Controversy over the Brussels mosque has simmered for several years. In 2015, the Belgian government advised Saudi ambassador Abdullah bin Yahya Almoa’limi that it had problems with the mosque’s director, Khalid Alabri, who was also on the embassy staff.
“His sermons were Salafist, anti-Israel and anti-West. The guiding principle was the primacy of Salafism above all else,” a worshipper told Belgian Radio and Television RTBF. Mr. Alabri was quietly removed from his post.
In the latest round, Belgium is effectively expelling the mosque’s recently resigned imam, Abdelhadi Sewif, an Egyptian national, by refusing to extend his residency permit because he used his 13-year tenure to espouse Sunni Muslim ultra-conservative.

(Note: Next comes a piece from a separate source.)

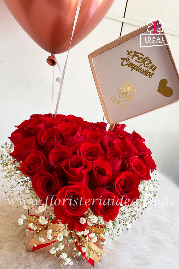 Hermoso arreglo floral en forma corazón de elaborado en bellas rosas y caja tipo cuerina acompañado de tapa marcada a la ocasión, y su respectiva tarjeta con mensaje deseado.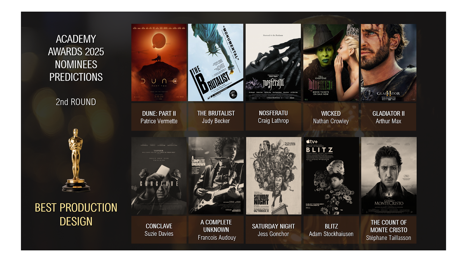 At this point, there are a couple of films that seem locked in the Best Picture shortlist: A24’s The Brutalist and Neon’s Anora seem locked in the top 2 spots, while Focus Features’ Conclave and Netflix’s Emilia Perez are sure bets too. Next, I would name Wicked (Universal’s box-office sensation, critical darling and social media favorite) to be the 5th most voted Best Picture nominee, only to be followed by Warner Bros.’ Dune: Part II (which lost some heat due to an early release and a strong showing of Oscar contenders in the Fall film festival season and end of the year releases). The following spots seem less clear to me: MUBI’s The Substance feels like rising considering the enthusiastic critical response during the critics associations prizes, the strong showing at the Golden Globes and the fact it got shortlisted in multiple BAFTA categories – which is a huge indicator of its Oscar chances if you had the impact of the film in social media, the great campaign around Demi Moore and the impressive box-office numbers. The eight spot goes to James Mangold’s A Complete Unknown, the Bob Dylan biopic that’s distributed by the campaigning machine Searchlight – with solid reviews, the star-power of Timothée Chalamet and a strong campaign, it feels like a really strong bet for Best Picture since the AMPAS can’t resist a good (male-led) biopic. Could the next spot go to Amazon’s Nickel Boys? A film festival darling, a tale of innocence and emotional wounds, with rave reviews and an inventive cinematography take? Well, it might well be since it showed in the right places since the beginning of the awards season: a Golden Globe nomination for Best Motion Picture – Drama; Independent Spirit Award nod for Best Feature; five Critics’ Choice Awards noms, including Best Picture; made the AFI top 10 films of 2024; it won Best Director at the New York Film Critics Circle Awards; and it got thirteen Black Reel Awards nominations, including Best Film.

Mr. Sewif “is a dangerous man to the national security of our country,” said Belgian state secretary for asylum and migration Theo Francken told RTBF. Mr. Al-Issa, the World Muslim league head, denied the allegations, noting that investigations of the mosque had cleared it of wrongdoing.
The League, in a bid to counter criticism of the mosque returned its Saudi director, Jamal Saleh Momenah, to the kingdom, and replaced him with Tamer Abou el Saod, a Luxemburg consultant who has Swedish nationality. Mr Momenah, who like Mr. Alabri, enjoyed diplomatic status, was removed after deputies walked away from his parliamentary testimony in Arabic in March convinced that it would be impossible to work with him.
“You can’t build an inclusive society with someone like that. This is an enemy of our Western values. He doesn’t even know the European Treaty on Human Rights,” said Flemish nationalist member of parliament, Christoph D’Haese.
Mr. Sewif was succeeded by Ndiaye Mouhameth Galaye, a Senegalese national who teaches a more liberal interpretation of Islam but has yet to convince parliamentarians that he will take the mosque in a different direction.
In an apparent underestimation of Belgian sentiment and the kingdom’s tarnished reputation, Saudi Islamic affairs minister Ibrahim Al-Zaid this week offered Belgian deputy foreign minister Dirk Achten to train Belgian imams. A “hypocritical suggestion,” quipped a Belgian news website.